Information supplied:

+ + +

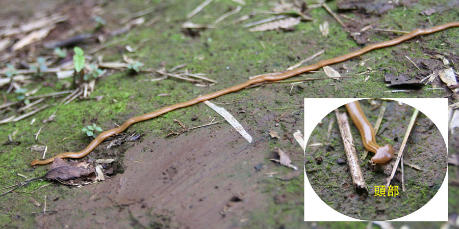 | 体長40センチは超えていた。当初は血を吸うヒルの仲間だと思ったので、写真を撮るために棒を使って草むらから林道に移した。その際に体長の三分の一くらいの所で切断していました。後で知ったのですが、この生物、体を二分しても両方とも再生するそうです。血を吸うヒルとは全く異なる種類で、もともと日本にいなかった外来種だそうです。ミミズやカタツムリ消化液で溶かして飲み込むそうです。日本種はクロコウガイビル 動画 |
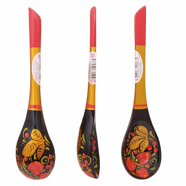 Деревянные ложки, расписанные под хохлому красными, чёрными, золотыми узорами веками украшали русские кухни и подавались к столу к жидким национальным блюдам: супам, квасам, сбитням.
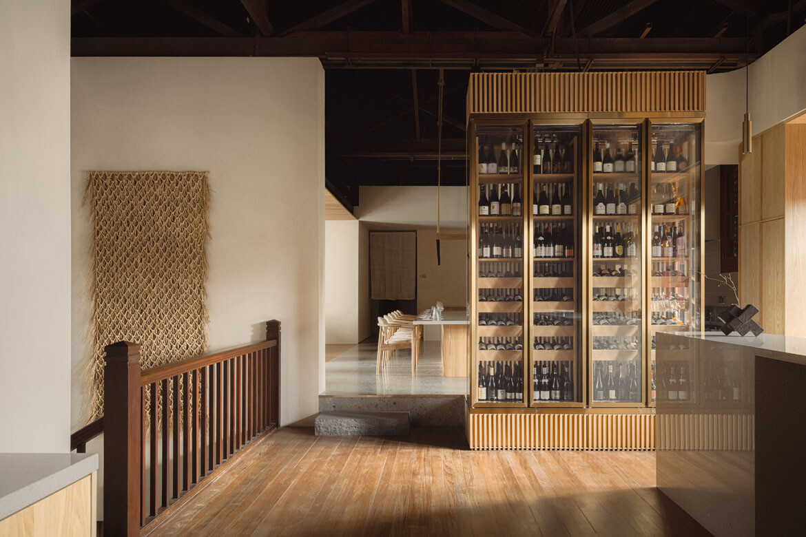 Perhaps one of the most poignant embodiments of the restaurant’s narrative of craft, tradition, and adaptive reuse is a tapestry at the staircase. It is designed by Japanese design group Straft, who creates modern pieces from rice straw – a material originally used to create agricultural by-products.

+ + +

What you will do: Pictures stay out; all other material above is restated word for word.

Result:
 | 体長40センチは超えていた。当初は血を吸うヒルの仲間だと思ったので、写真を撮るために棒を使って草むらから林道に移した。その際に体長の三分の一くらいの所で切断していました。後で知ったのですが、この生物、体を二分しても両方とも再生するそうです。血を吸うヒルとは全く異なる種類で、もともと日本にいなかった外来種だそうです。ミミズやカタツムリ消化液で溶かして飲み込むそうです。日本種はクロコウガイビル 動画 |
 Деревянные ложки, расписанные под хохлому красными, чёрными, золотыми узорами веками украшали русские кухни и подавались к столу к жидким национальным блюдам: супам, квасам, сбитням.
 Perhaps one of the most poignant embodiments of the restaurant’s narrative of craft, tradition, and adaptive reuse is a tapestry at the staircase. It is designed by Japanese design group Straft, who creates modern pieces from rice straw – a material originally used to create agricultural by-products.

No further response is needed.